→ **ACTIVITY**
Go through the listing below and retype exactly the lines starting at the one with "В Лисичанске на" and ending at the one with "Seller's Notes:This is", skipping pictures.

→ **EXERCISE INPUT**
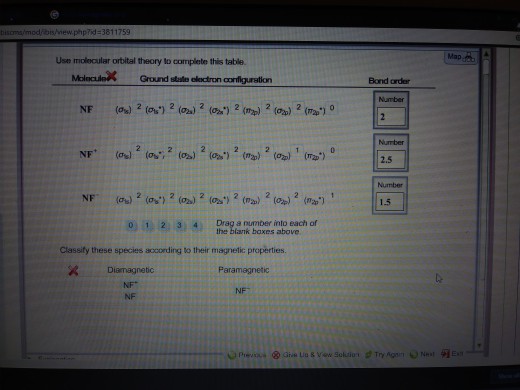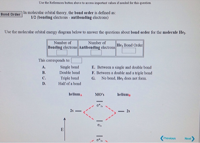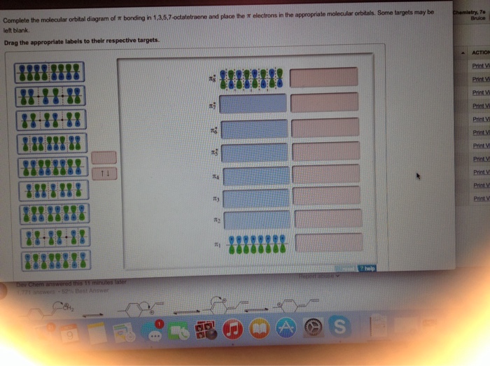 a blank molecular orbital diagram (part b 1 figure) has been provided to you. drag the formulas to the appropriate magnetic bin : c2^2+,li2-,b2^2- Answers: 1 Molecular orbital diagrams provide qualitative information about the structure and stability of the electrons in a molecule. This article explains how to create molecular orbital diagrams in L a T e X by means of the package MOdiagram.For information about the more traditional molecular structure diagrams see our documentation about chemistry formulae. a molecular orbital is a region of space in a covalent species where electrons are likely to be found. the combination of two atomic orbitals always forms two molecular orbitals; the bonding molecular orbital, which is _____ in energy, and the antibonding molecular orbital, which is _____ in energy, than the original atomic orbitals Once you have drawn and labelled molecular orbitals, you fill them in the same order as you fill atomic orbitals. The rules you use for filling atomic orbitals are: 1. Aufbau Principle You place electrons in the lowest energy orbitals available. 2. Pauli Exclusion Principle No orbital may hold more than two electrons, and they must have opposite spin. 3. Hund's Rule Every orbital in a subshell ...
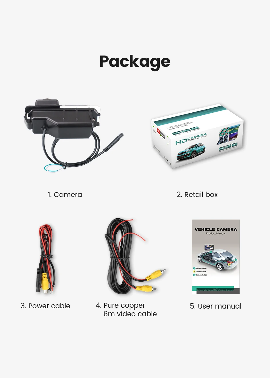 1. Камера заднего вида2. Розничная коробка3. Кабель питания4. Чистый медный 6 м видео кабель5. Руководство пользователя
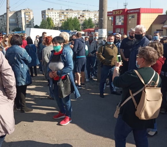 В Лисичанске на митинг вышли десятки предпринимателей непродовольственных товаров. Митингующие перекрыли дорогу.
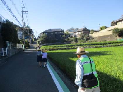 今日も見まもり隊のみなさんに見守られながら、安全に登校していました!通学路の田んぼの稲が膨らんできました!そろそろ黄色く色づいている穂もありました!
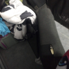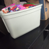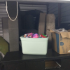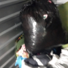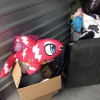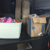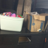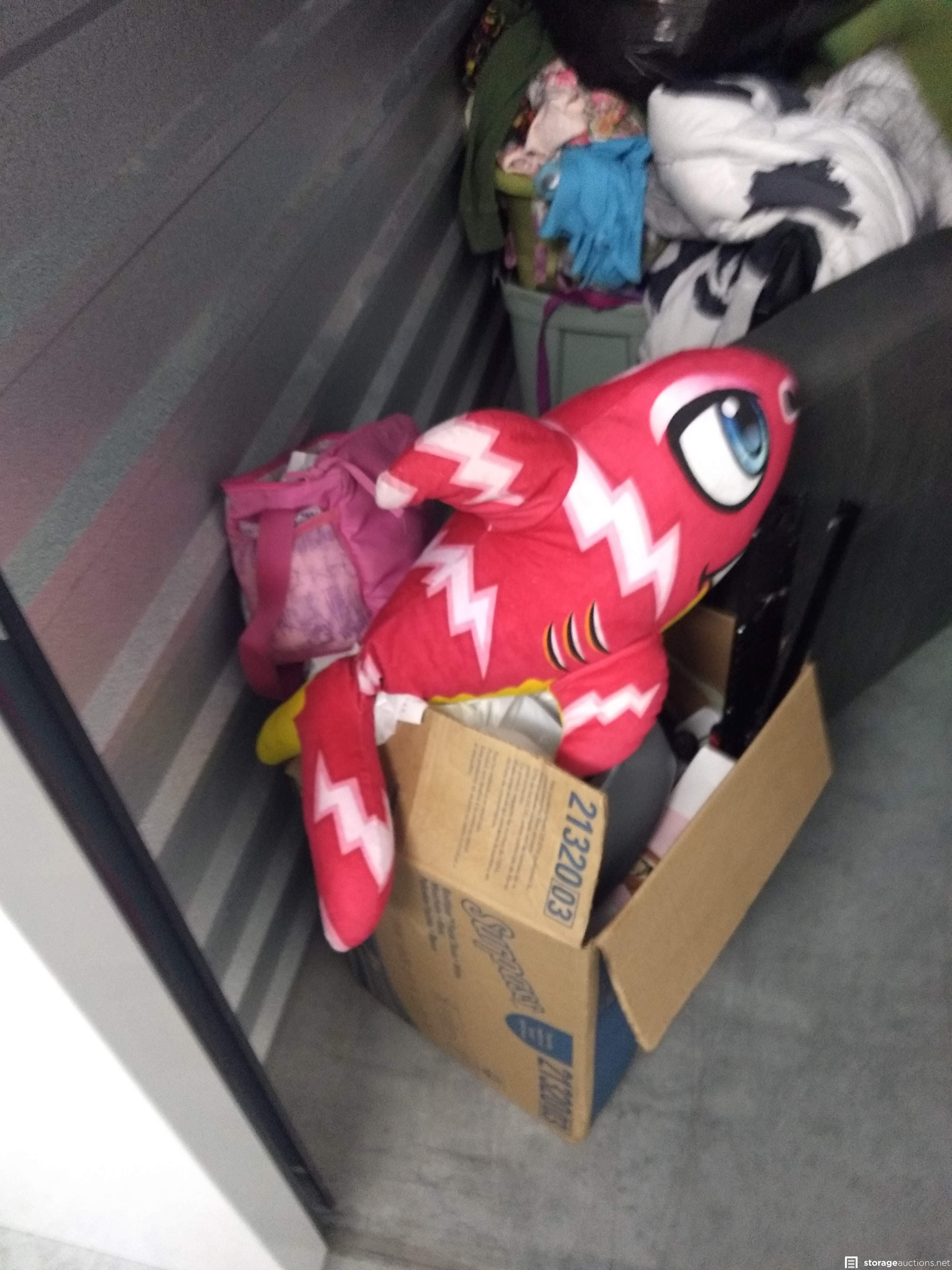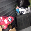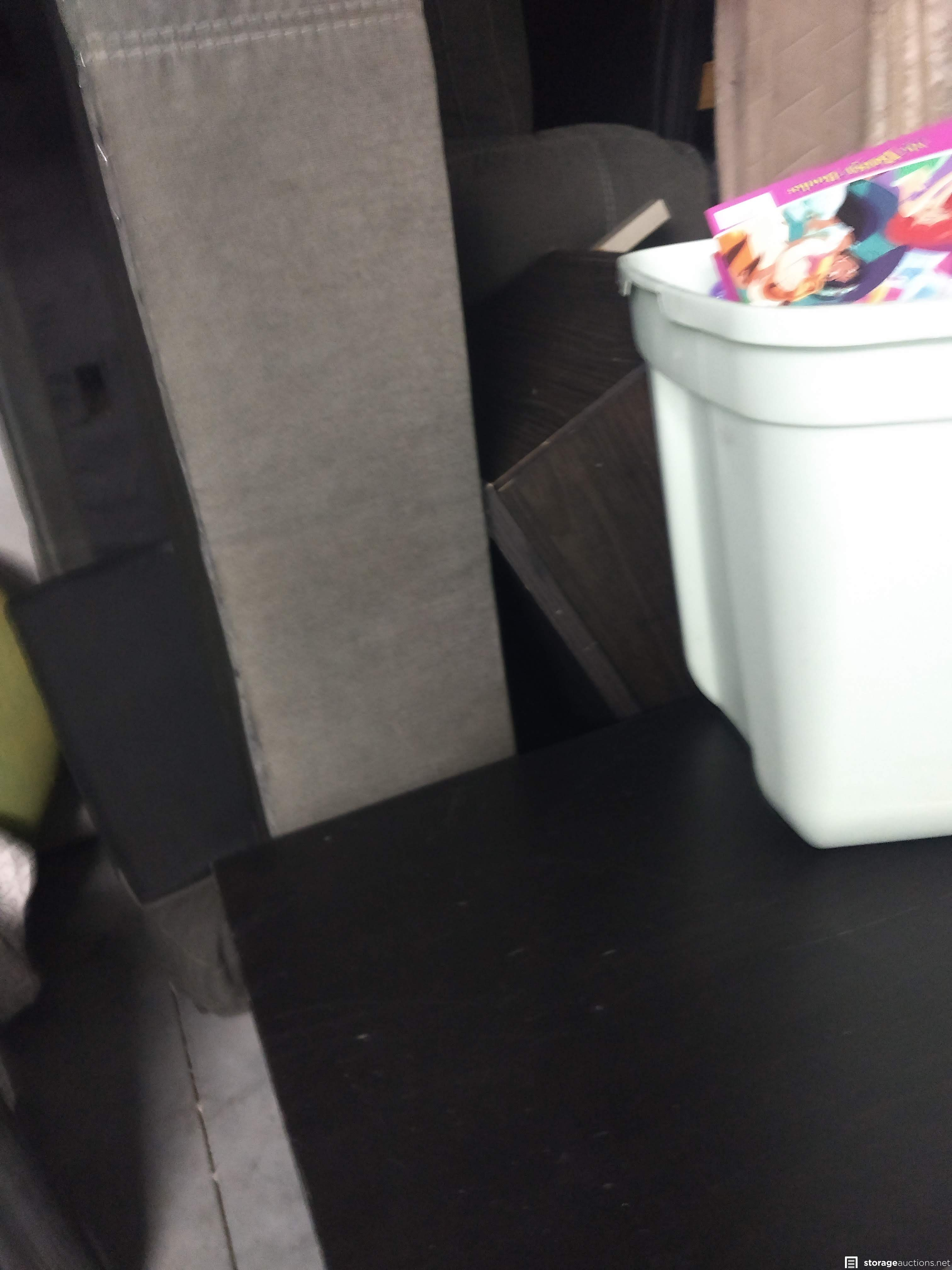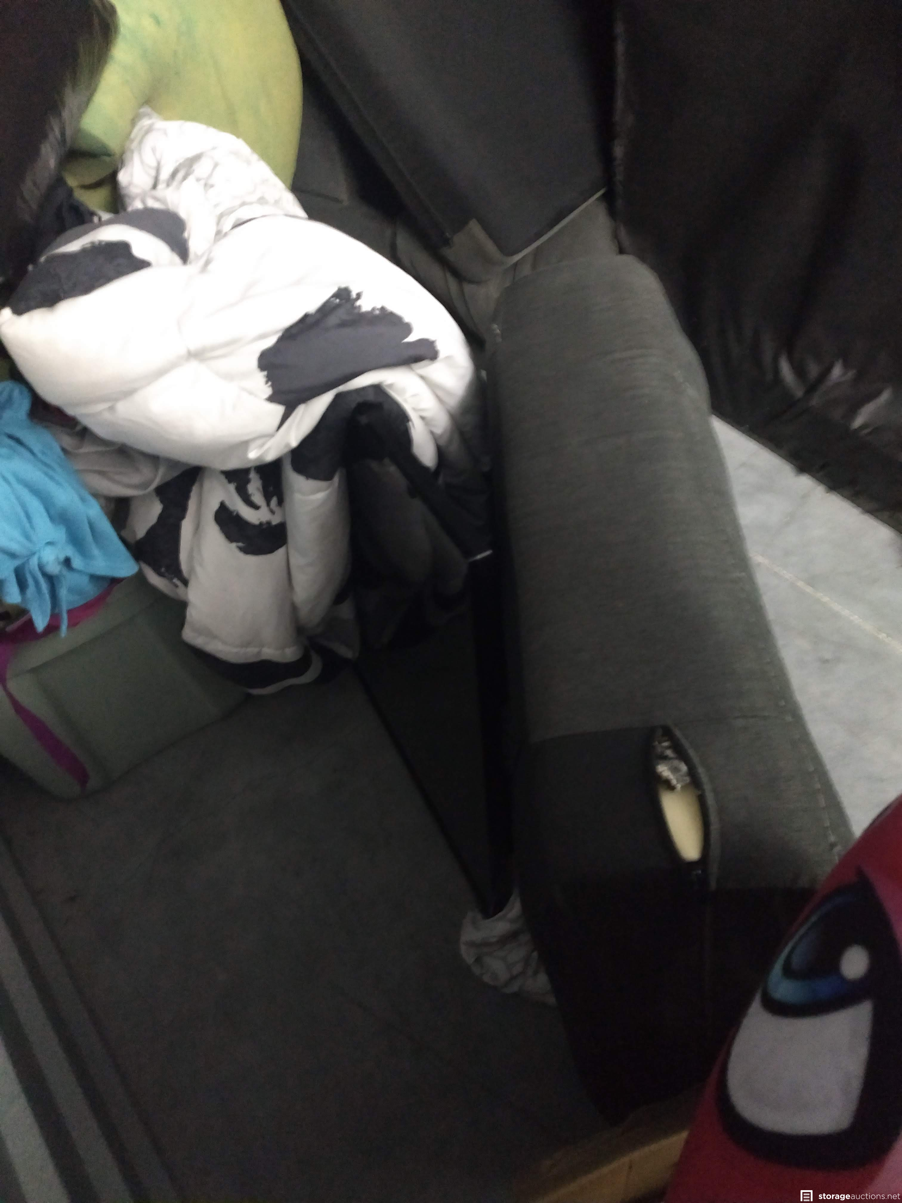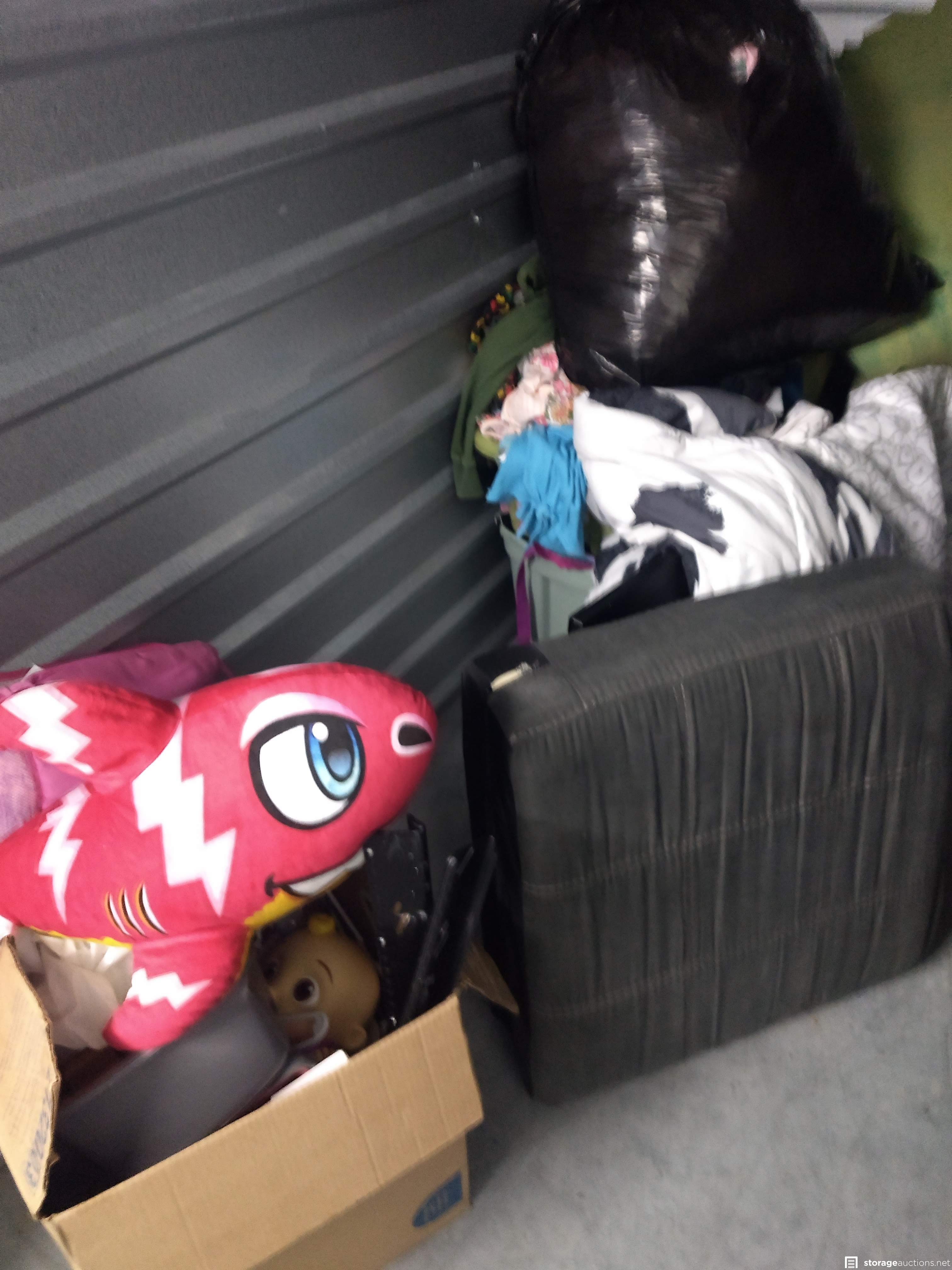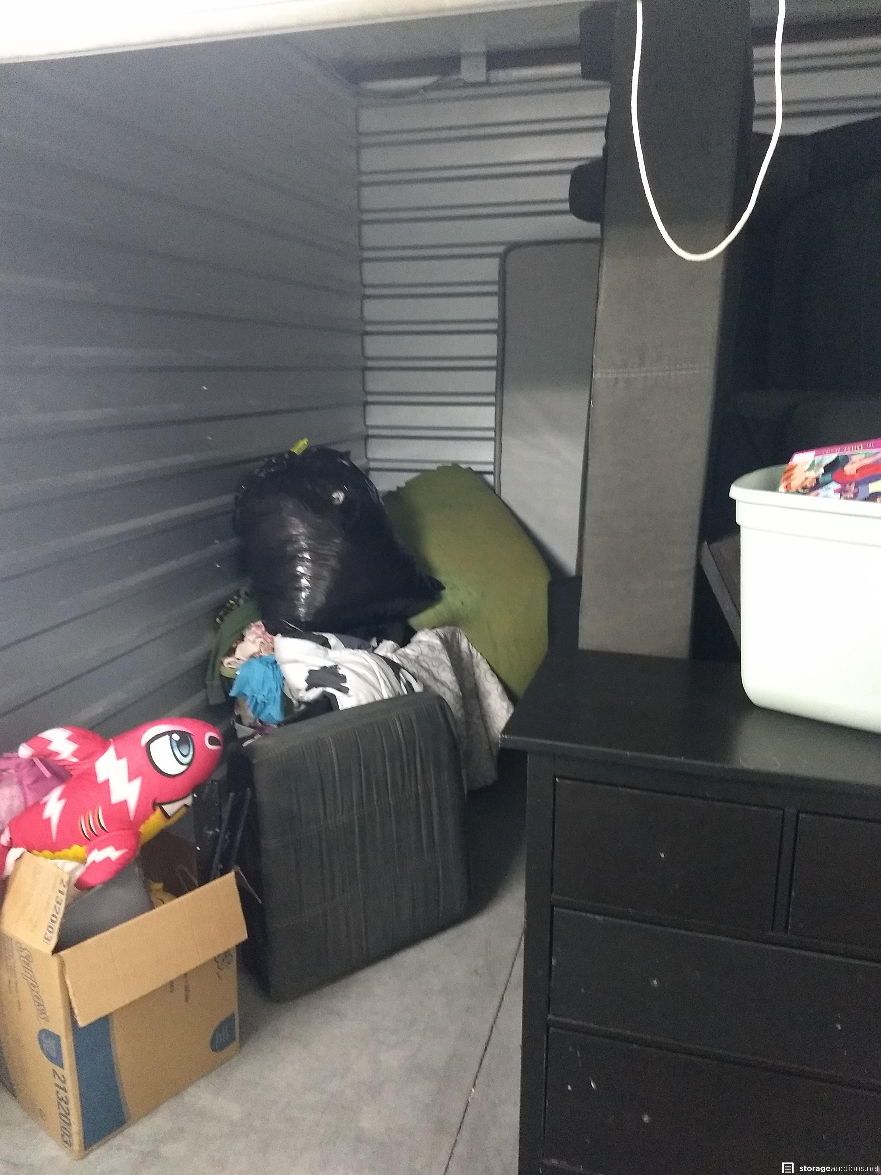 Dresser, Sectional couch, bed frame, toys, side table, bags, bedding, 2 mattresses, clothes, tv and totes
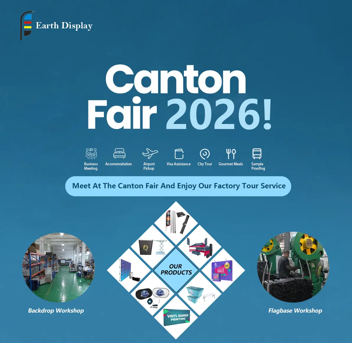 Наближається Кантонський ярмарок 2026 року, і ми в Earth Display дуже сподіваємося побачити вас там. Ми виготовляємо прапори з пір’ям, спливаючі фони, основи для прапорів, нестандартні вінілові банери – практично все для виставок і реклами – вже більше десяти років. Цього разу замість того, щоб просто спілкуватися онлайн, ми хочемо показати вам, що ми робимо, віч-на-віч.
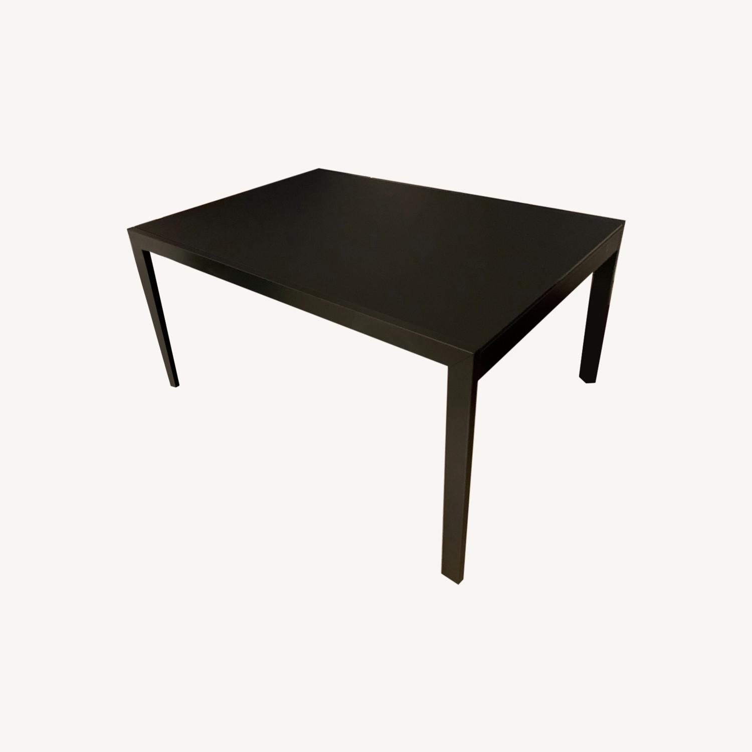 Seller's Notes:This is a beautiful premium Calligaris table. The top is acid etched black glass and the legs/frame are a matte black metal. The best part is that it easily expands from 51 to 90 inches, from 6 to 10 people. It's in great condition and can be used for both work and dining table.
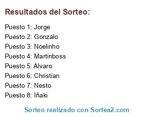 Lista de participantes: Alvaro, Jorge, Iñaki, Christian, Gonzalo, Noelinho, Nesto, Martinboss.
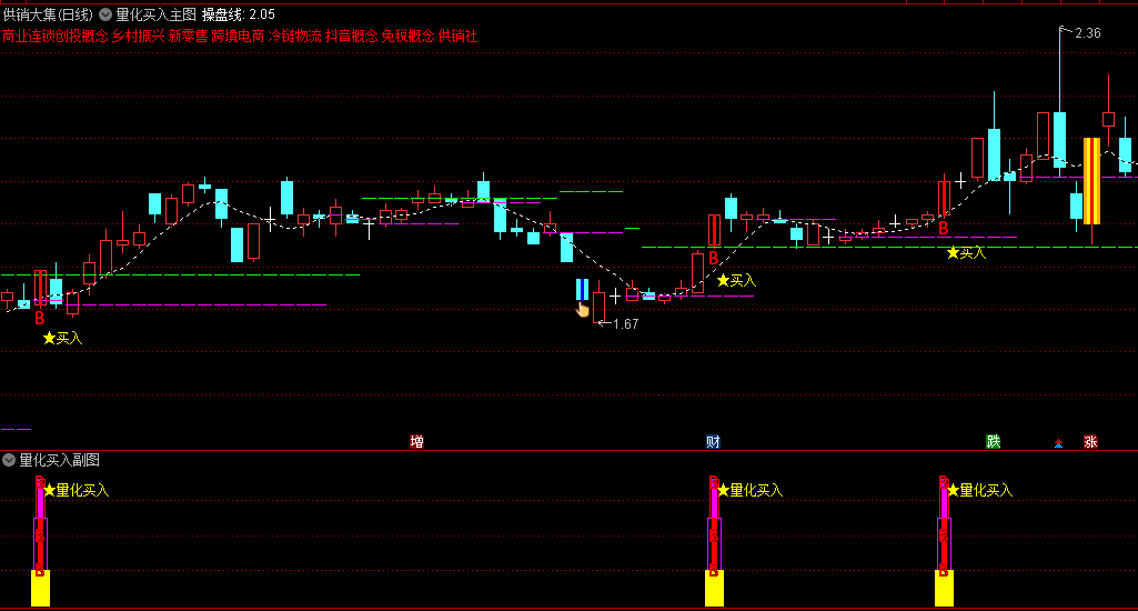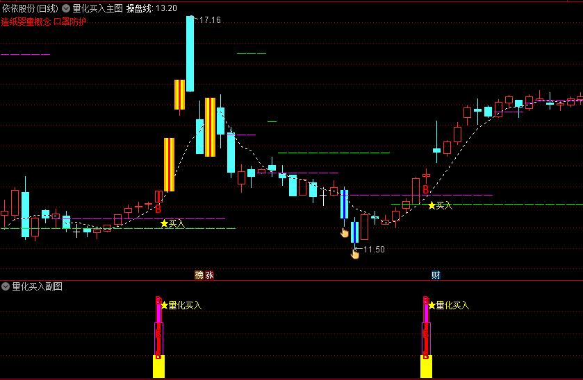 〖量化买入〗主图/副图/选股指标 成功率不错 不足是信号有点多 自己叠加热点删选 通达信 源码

→ **ANSWER FOR THIS EXERCISE**
 В Лисичанске на митинг вышли десятки предпринимателей непродовольственных товаров. Митингующие перекрыли дорогу.
 今日も見まもり隊のみなさんに見守られながら、安全に登校していました!通学路の田んぼの稲が膨らんできました!そろそろ黄色く色づいている穂もありました!
 Dresser, Sectional couch, bed frame, toys, side table, bags, bedding, 2 mattresses, clothes, tv and totes
 Наближається Кантонський ярмарок 2026 року, і ми в Earth Display дуже сподіваємося побачити вас там. Ми виготовляємо прапори з пір’ям, спливаючі фони, основи для прапорів, нестандартні вінілові банери – практично все для виставок і реклами – вже більше десяти років. Цього разу замість того, щоб просто спілкуватися онлайн, ми хочемо показати вам, що ми робимо, віч-на-віч.
 Seller's Notes:This is a beautiful premium Calligaris table. The top is acid etched black glass and the legs/frame are a matte black metal. The best part is that it easily expands from 51 to 90 inches, from 6 to 10 people. It's in great condition and can be used for both work and dining table.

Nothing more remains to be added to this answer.